*DATA FOR PROCESSING*

※ ※ ※

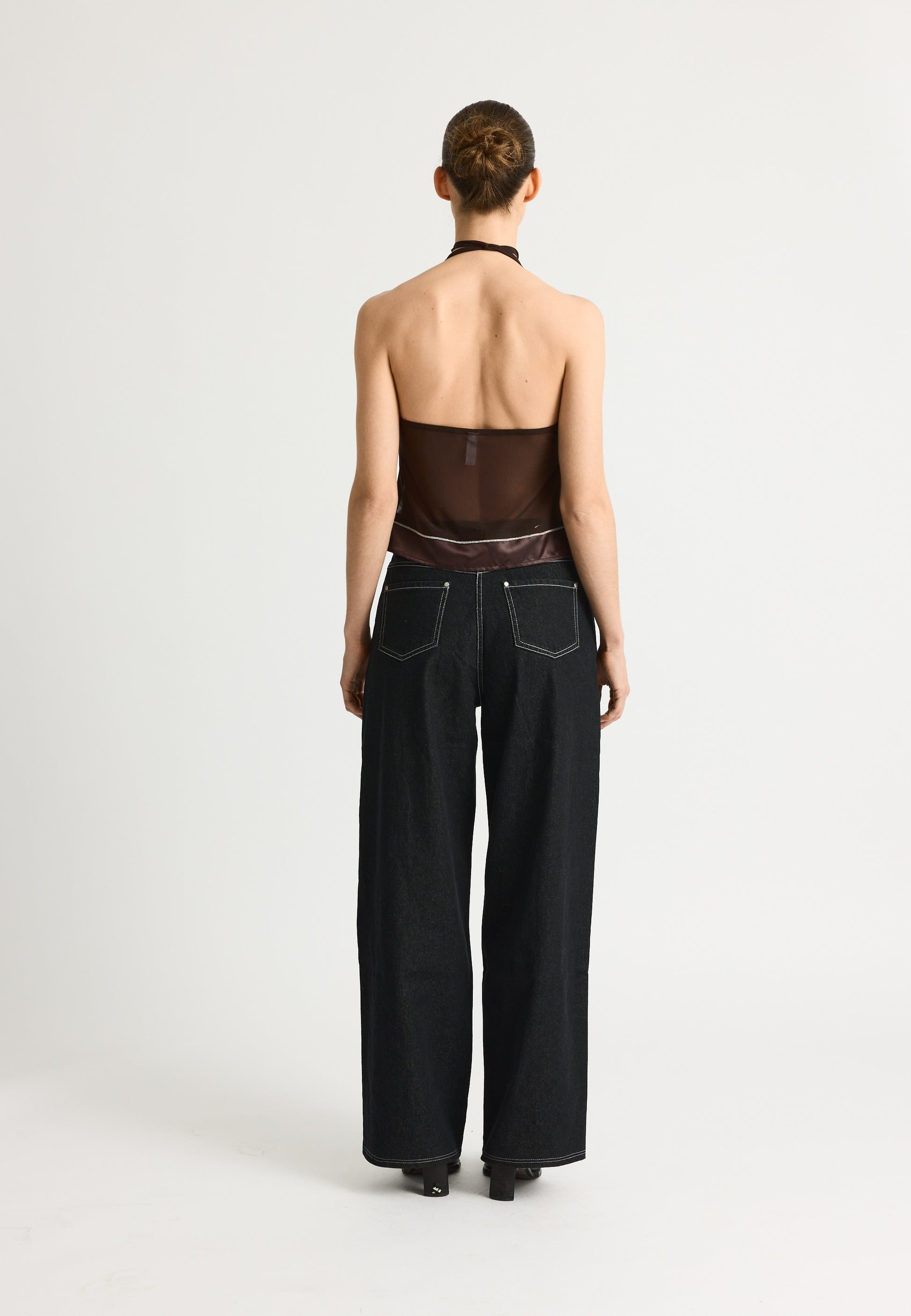 Halter-neck mesh top with strings and decoration band at bottom hem with pearls.
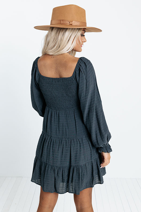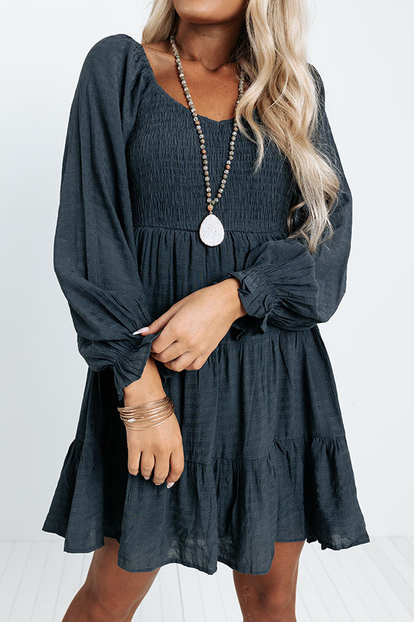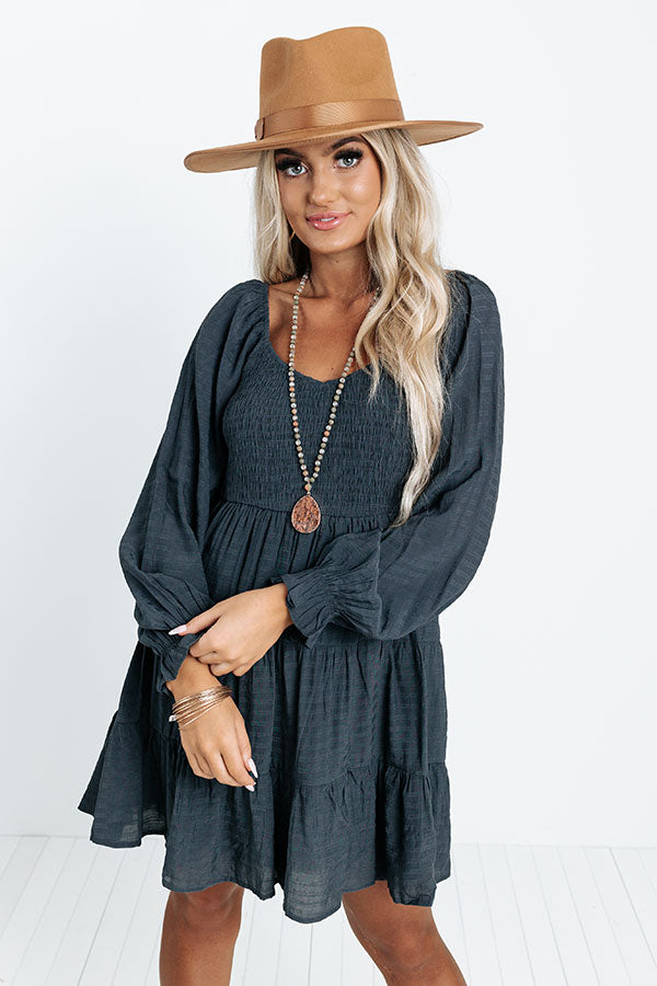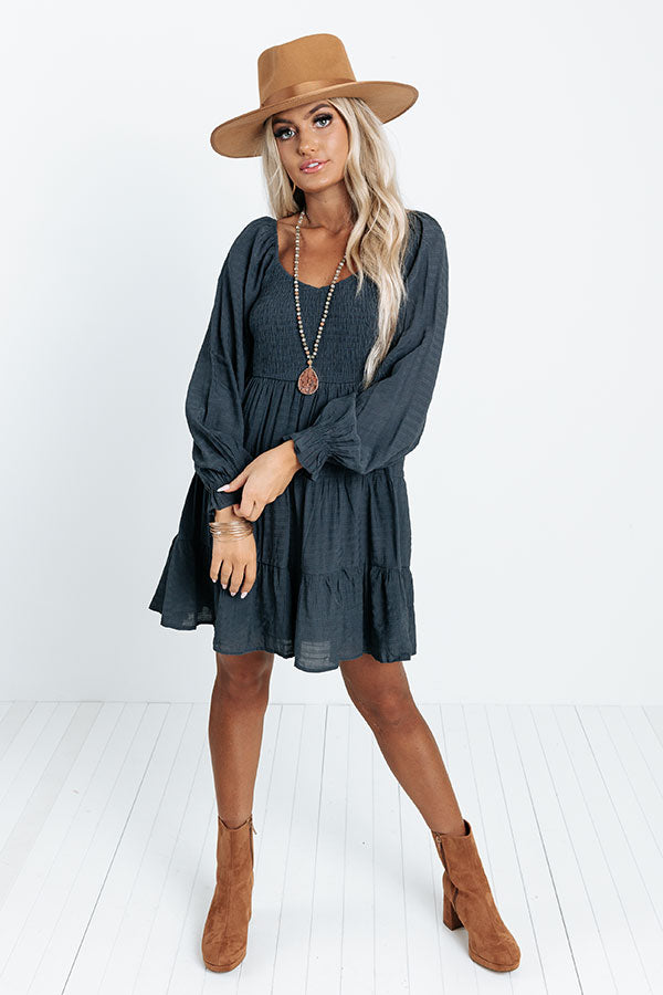 Dress to impress in our slate hued 'Epic Expectation Shift Dress' featuring lightweight flowy material with subtle texturing, a flattering form fitting smocked bodice with a scooped neckline, long bishop sleeves with fitted cuffs, and a relaxed tiered silhouette that falls into an uneven mid-thigh length hemline! Measurements
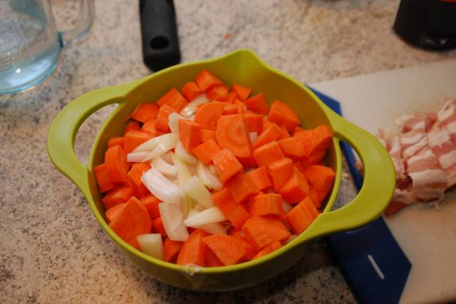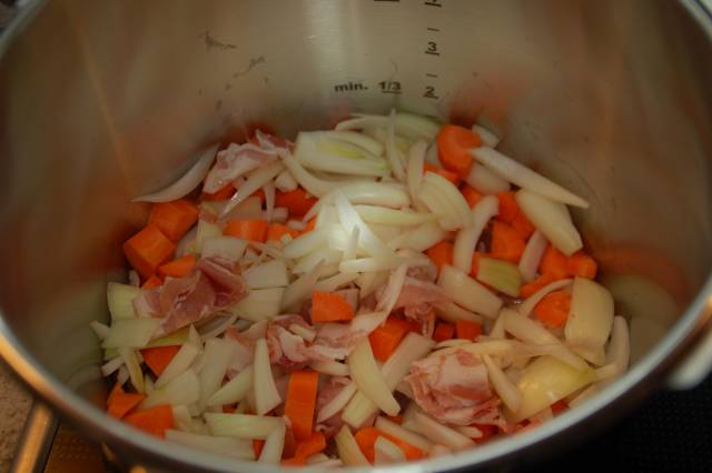 Kom derefter alle grøntsagerne og bacontern i gryden,og sauter dem uden at de begynder at få farve.
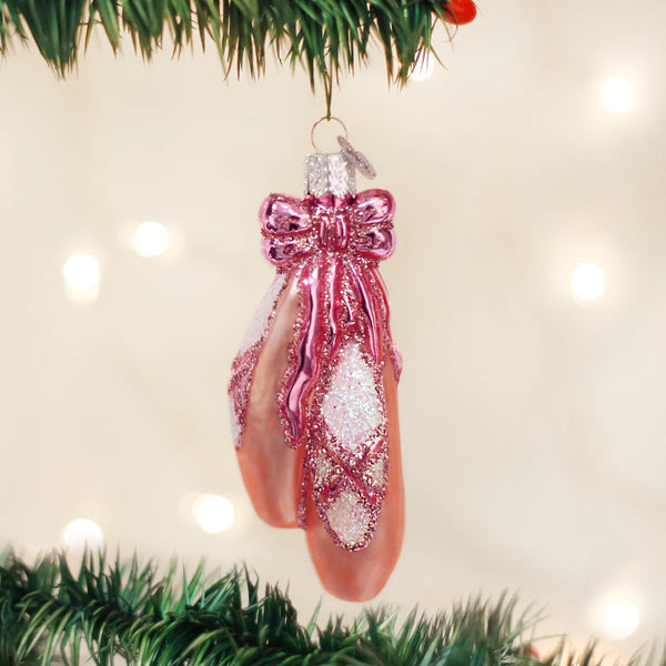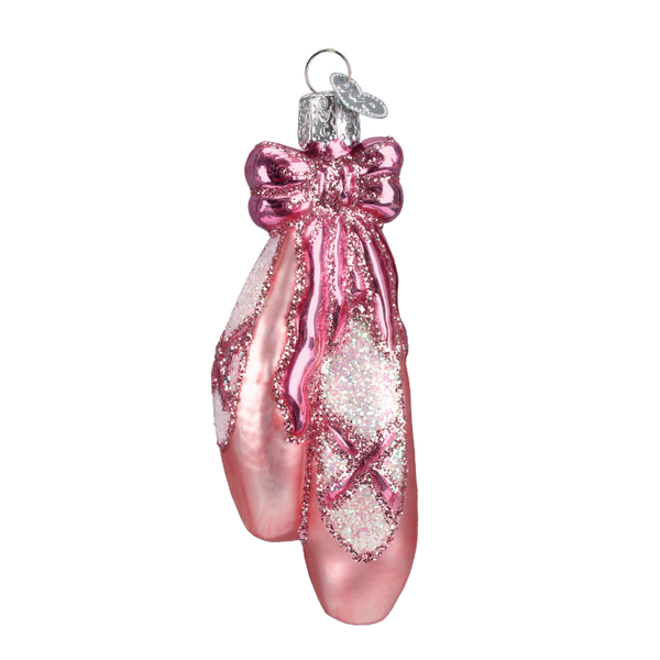 A pair of delicate pink ballet slippers tied with glittering ribbons, capturing the grace and beauty of dance. A lovely keepsake for dancers and dreamers alike.
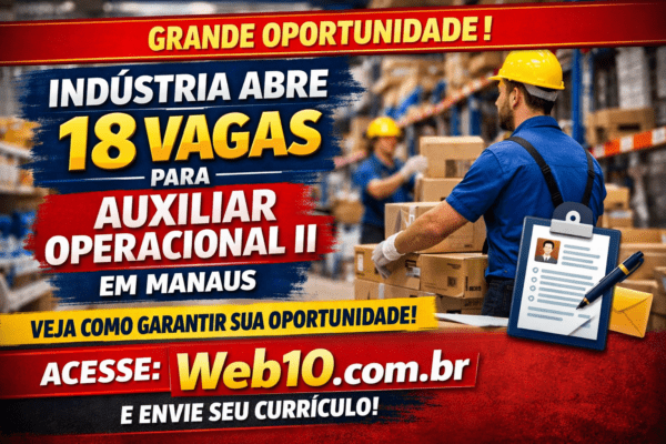 Porraifran15/04/2026📢 Oportunidade de emprego em Manaus: 18 vagas abertas Uma indústria está com 18 vagas para Auxiliar Operacional II em Manaus, trazendo uma...
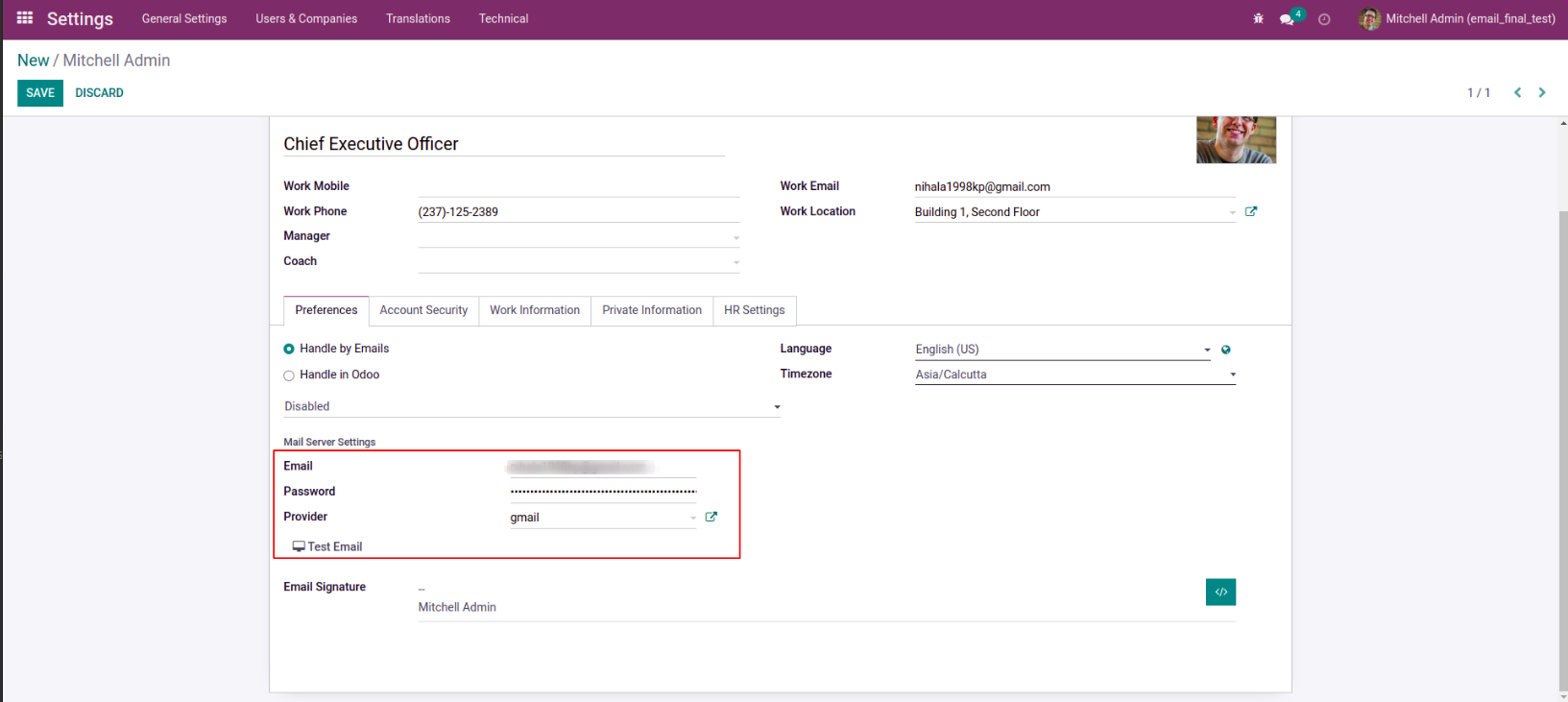 Complete the Mail Server Settings and then click the "Test Email" button to establish both Incoming and Outgoing Mail Servers.
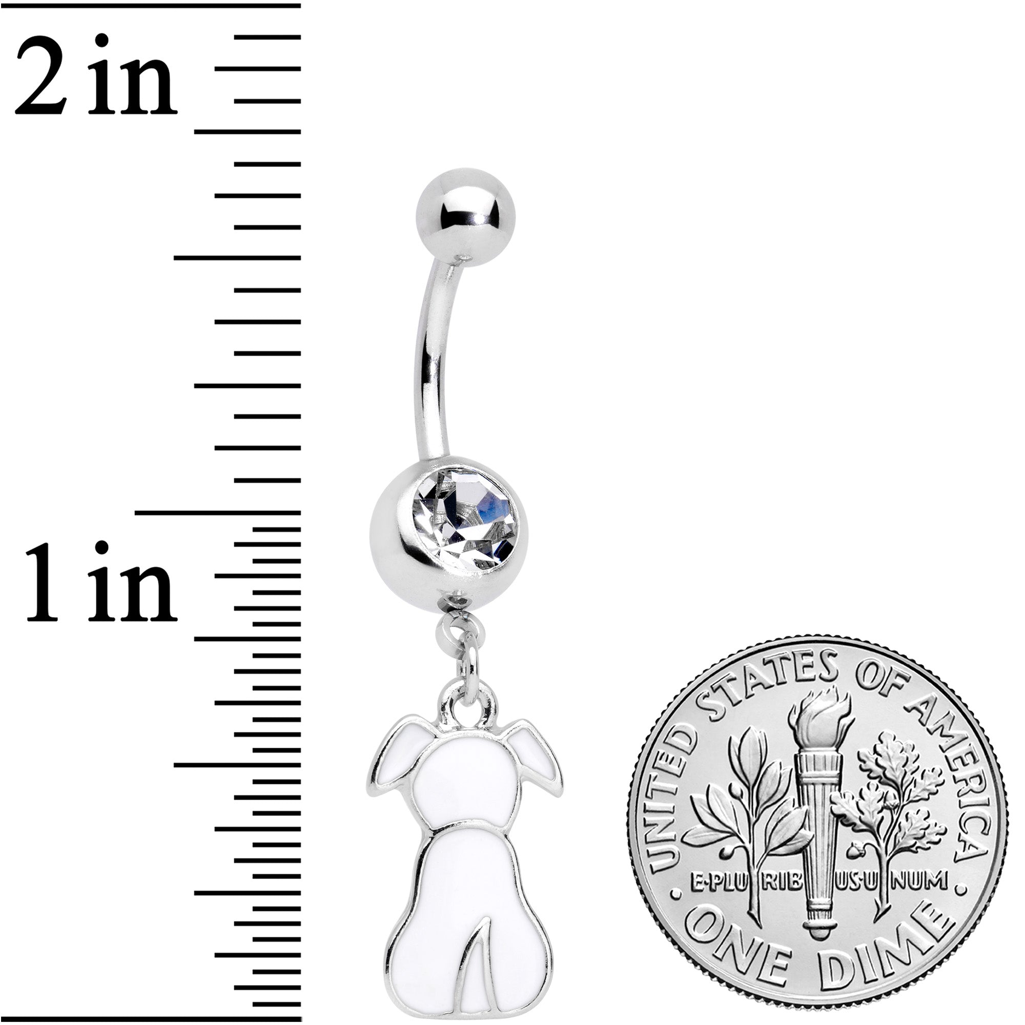 You can tell by perky ears and tail that the dog on this 14 gauge navel ring is a happy pup! It's made with a 3/8" durable 316L surgical grade stainless steel curved barbell with a 5mm top ball end. The bottom ball end is 8mm and set with a large clear gem. Dangling beneath it is a white dog charm, with the dog seen from the back. It has tail and collar detailing and simple-but-sweet styling. If you prefer pooches or are dazzled by dogs, this friendly canine belly button jewelry is sure to make you wag your tail!

※ ※ ※

*WORK REQUIRED*
Return the material in full, word for word, and skip the pictures.

*YOUR RESPONSE*
 Halter-neck mesh top with strings and decoration band at bottom hem with pearls.
 Dress to impress in our slate hued 'Epic Expectation Shift Dress' featuring lightweight flowy material with subtle texturing, a flattering form fitting smocked bodice with a scooped neckline, long bishop sleeves with fitted cuffs, and a relaxed tiered silhouette that falls into an uneven mid-thigh length hemline! Measurements
 Kom derefter alle grøntsagerne og bacontern i gryden,og sauter dem uden at de begynder at få farve.
 A pair of delicate pink ballet slippers tied with glittering ribbons, capturing the grace and beauty of dance. A lovely keepsake for dancers and dreamers alike.
 Porraifran15/04/2026📢 Oportunidade de emprego em Manaus: 18 vagas abertas Uma indústria está com 18 vagas para Auxiliar Operacional II em Manaus, trazendo uma...
 Complete the Mail Server Settings and then click the "Test Email" button to establish both Incoming and Outgoing Mail Servers.
 You can tell by perky ears and tail that the dog on this 14 gauge navel ring is a happy pup! It's made with a 3/8" durable 316L surgical grade stainless steel curved barbell with a 5mm top ball end. The bottom ball end is 8mm and set with a large clear gem. Dangling beneath it is a white dog charm, with the dog seen from the back. It has tail and collar detailing and simple-but-sweet styling. If you prefer pooches or are dazzled by dogs, this friendly canine belly button jewelry is sure to make you wag your tail!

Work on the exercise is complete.